The OpenDP team is excited to bring you our latest release, OpenDP Library 0.12!
The OpenDP Library is a modular collection of algorithms for building privacy-preserving applications, with an extensible approach to tracking privacy, and a vetted implementation. It is available as binaries for Python on PyPI, for R on R-universe, for Rust on crates.io, or in source form on GitHub.
This release brings expanded Polars functionality and documentation, an implementation of Private Selection from Private Candidates (PSPC), and updates to privacy measures for improved usability and better compatibility with other DP software.
Polars Functionality
We’ve updated the (optional) Polars dependency to Python version 1.12.0 and Rust version 0.44.3.
In this version we have added more ways to privately release grouping keys. In addition to “stable” key release under approximate-DP from OpenDP 0.11, OpenDP now supports “stable” key release under approximate-zCDP and “explicit” key release based on a data-independent key-set.
OpenDP 0.12 also showcases more thorough Polars documentation in the User Guide. This includes a new cast expression, expressions for parsing and manipulating temporal data and expressions for binning and working with categorical data. In addition, OpenDP 0.12 supports a wider range of counting queries, including counts of distinct elements.
OpenDP 0.12 is smarter about reusing margin domain descriptors. For instance, setting an upper bound on the overall dataset size implies an upper bound on the sizes of data partitions. This makes the library more forgiving and flexible in common use cases.

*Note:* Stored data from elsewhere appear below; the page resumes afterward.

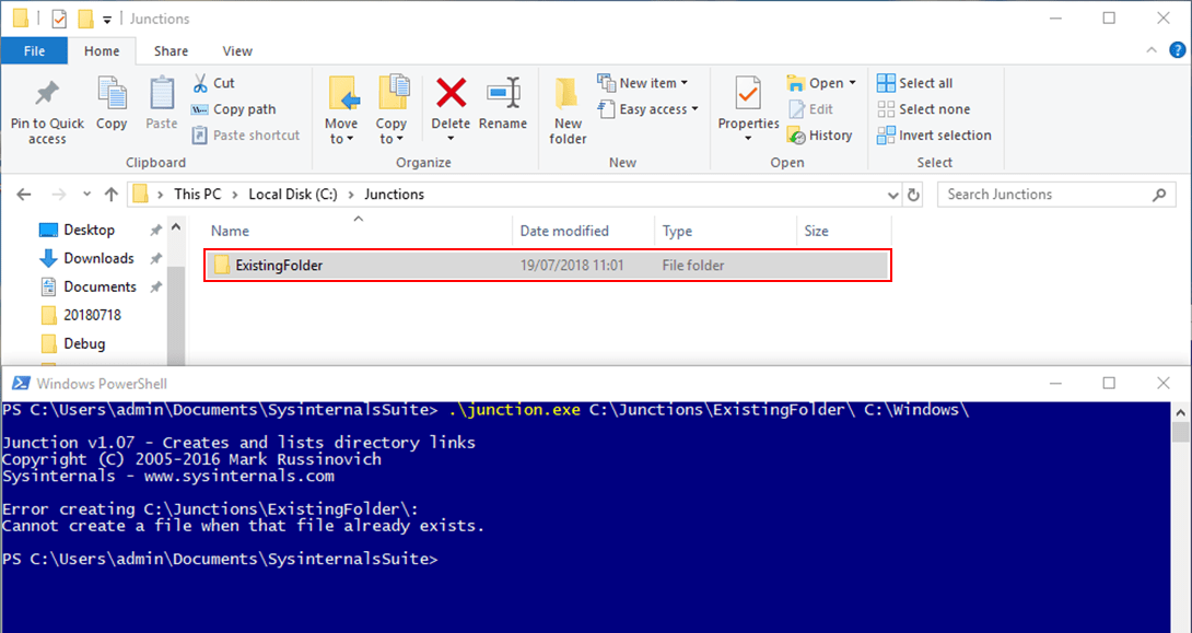 Another tool that could be used for this type of attack is called mklink.exe from Windows, but this requires elevated privileges, which would not have been possible in this situation (the point is that we’re attempting to gain elevated privileges).
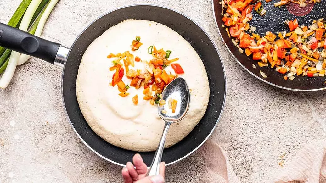 Das Öl in einer Bratpfanne erhitzen und gut verteilen. Die Hälfte des Omelett-Teigs hineingeben, bei schwacher Hitze 1 bis 2 Minuten braten, dann die Hälfte des Gemüses darauf geben. Deckel auf die Pfanne setzen und etwa 4 Minuten bei schwacher Hitze weiterbraten. Herausnehmen und das zweite Omelette genauso zubereiten.
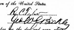 In the passport application Reuben states he was born in Massachusetts, and lives in Maryland. The handwriting in the “R. C. Tyler” signature on this application compares favorably to General Tyler’s wartime “R. C. Tyler” signature.
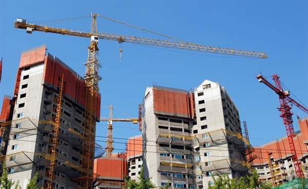 ▲ 오늘도 전국에서 쑥쑥 올라가는 아파트 대부분은 방사능 라돈이 함유된 인산석고가 들어간 시멘트로 지어지고 있다. ⓒ 최병성
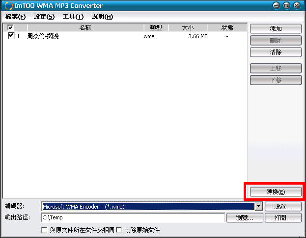 將您的WMA音樂轉檔為MP3檔案(ImTOO WMA MP3 Converter)
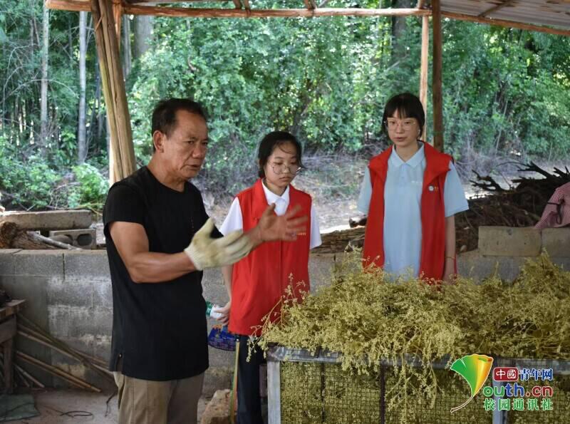 图为昊野金槐种植专业合作社负责人为实践团讲解金槐“杀青”流程的相关知识
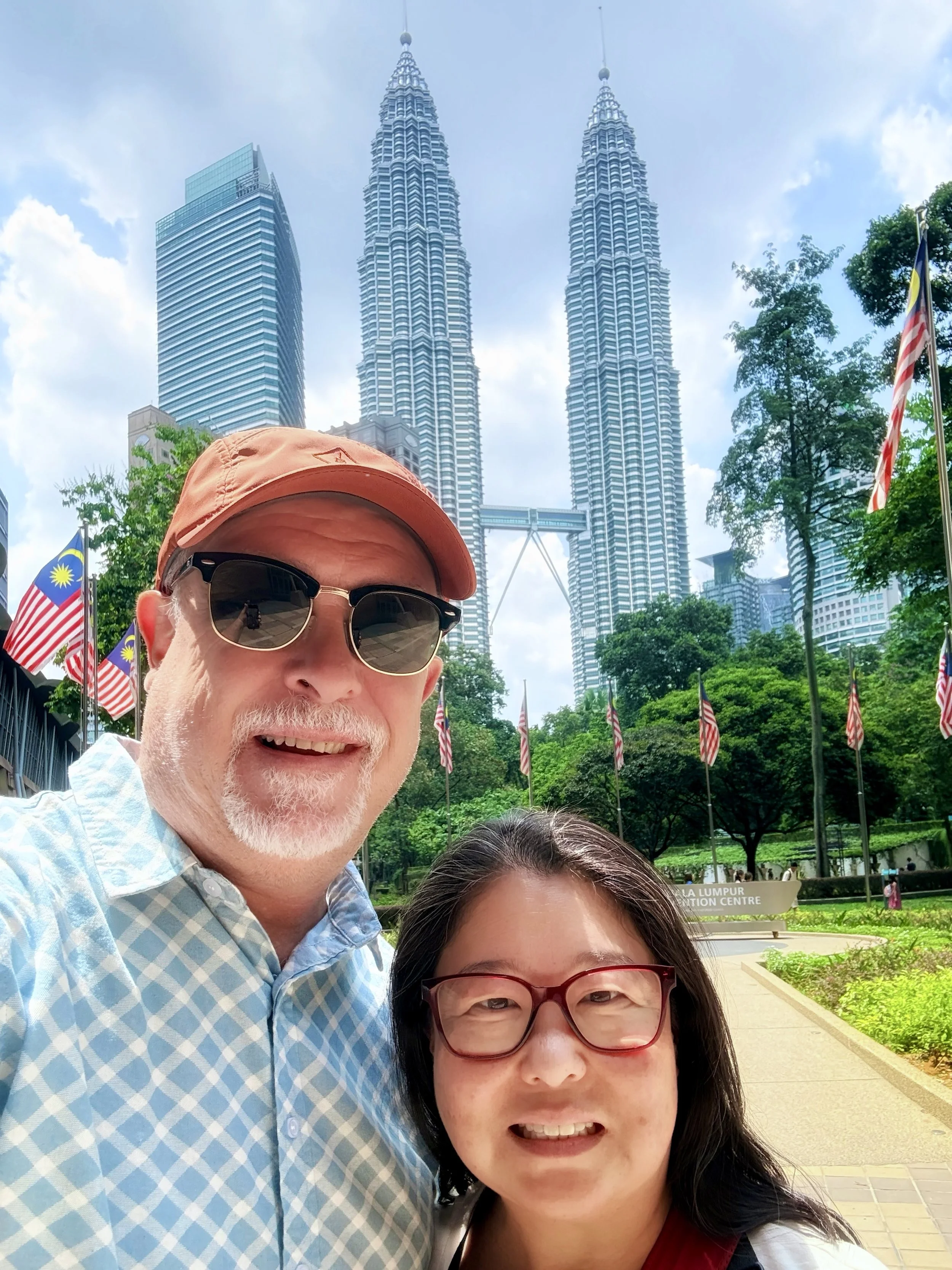 At KLCC Park with Petronas Twin Towers behind us. Kuala Lumpur, Malaysia.
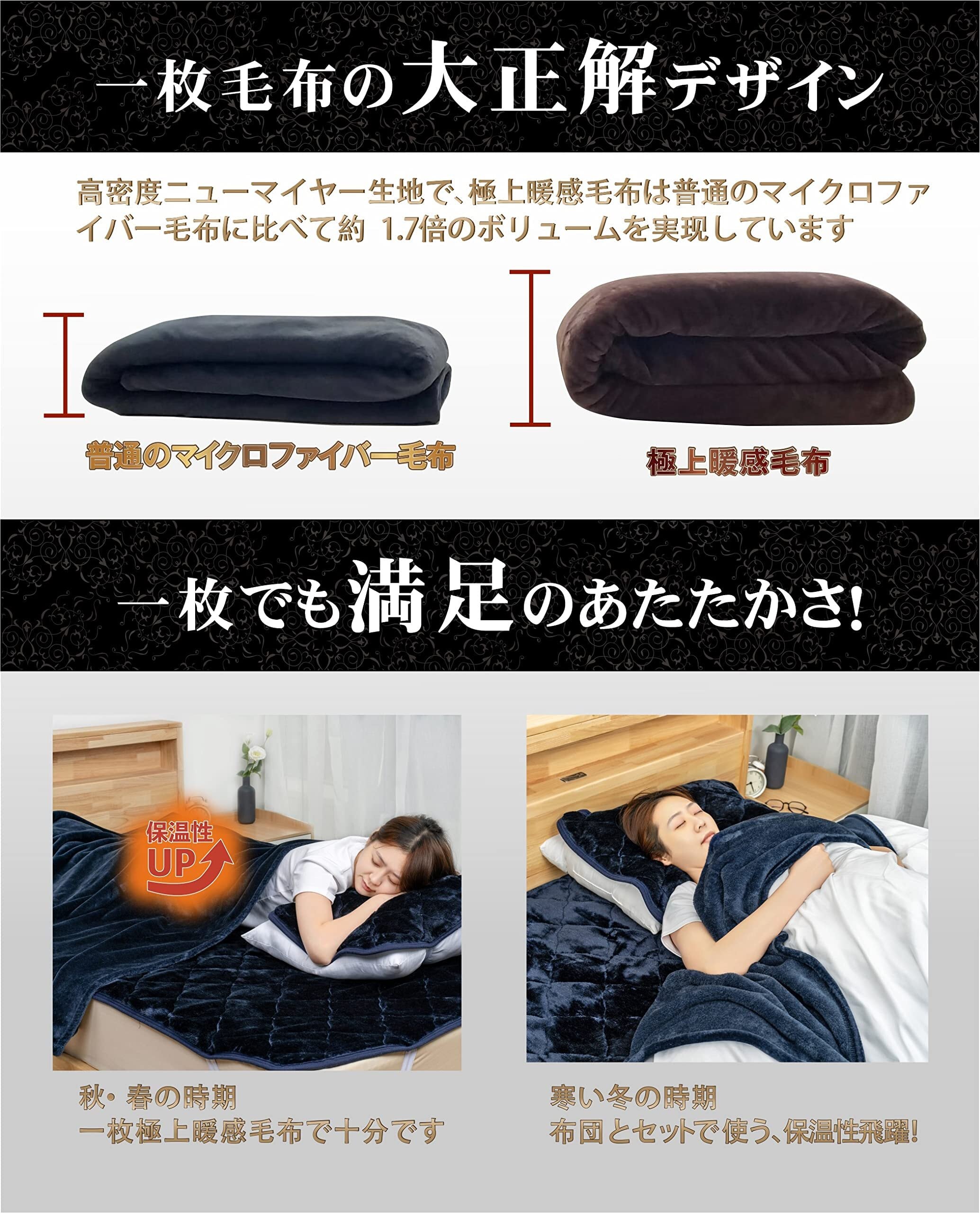〔日本伝統技法、極上の暖かさの毛布〕一般的に流通された2枚合わせの毛布と比べ、本製品は1枚の毛布に仕上げ、生地を両面共に起毛させたニューマイヤー毛布になります。毛足に空気を多く包み込んでいるため、暖かい空気をしっかりと閉じ込め、蓄熱保温性に優れているのが特徴です。さらに軽量でご使用時の圧迫感を感じにくく、快適にご使用いいただけます。

Private Selection from Private Candidates
Thank you to Shlomi Hod (one of our 2024 OpenDP Visiting Fellows!) for contributing an implementation of PSPC. In exchange for a higher privacy loss (typically a factor of two or three), PSPC releases the “best” outcome from repeated evaluations of another mechanism. PSPC is useful when you have a mechanism that could have vastly different utility on different runs.
PSPC is implemented as a combinator that can wrap any pure-DP mechanism. It is available for use from Rust, Python and R, and is accompanied by a proof. More information can be found in the documentation.
Updates to Privacy Measures
We have made a number of updates to our privacy measures to better align and integrate with other differential privacy software and to improve the usability of our software. Updates include:
- Initial support for Rényi-DP (RDP). This includes an API for making an RDP privacy measure, composition, and the ability to construct RDP curves from Python plugins.
- Privacy measures can be made to be delta-approximate. For instance, dp.approximate(dp.zero_concentrated_divergence()) denotes approximate-zCDP with fixed delta.
- SMDCurve has been renamed to PrivacyProfile for clarity.
- Privacy profiles (a privacy guarantee in terms of an epsilon-delta tradeoff) have been inverted: they now take epsilon as an argument and return delta.
- Privacy profiles can now be constructed from Python. This enables library plugins to be written that satisfy approximate-DP with varying delta.
- Privacy measures no longer have a generic argument for distance type. For example, max_divergence(T=float) is now just max_divergence().
Breaking Changes
The most impactful breaking changes are discussed in the updates to privacy measures.
Previously, OpenDP allowed arbitrary functions to be used as postprocessors. Unfortunately this could be abused to build measurements whose postprocessors introduce vulnerabilities. For instance, a post-processor that reads the system time could be used to add timing information to the output of a mechanism. OpenDP now requires “honest-but-curious” to be enabled in order to build postprocessors from Python, and states necessary conditions for valid postprocessors.
Getting the OpenDP Library
Further details can be found in the repository CHANGELOG. We’re excited to have you try this latest update of the OpenDP Library! You can find it on PyPI, R-universe, crates.io, or GitHub.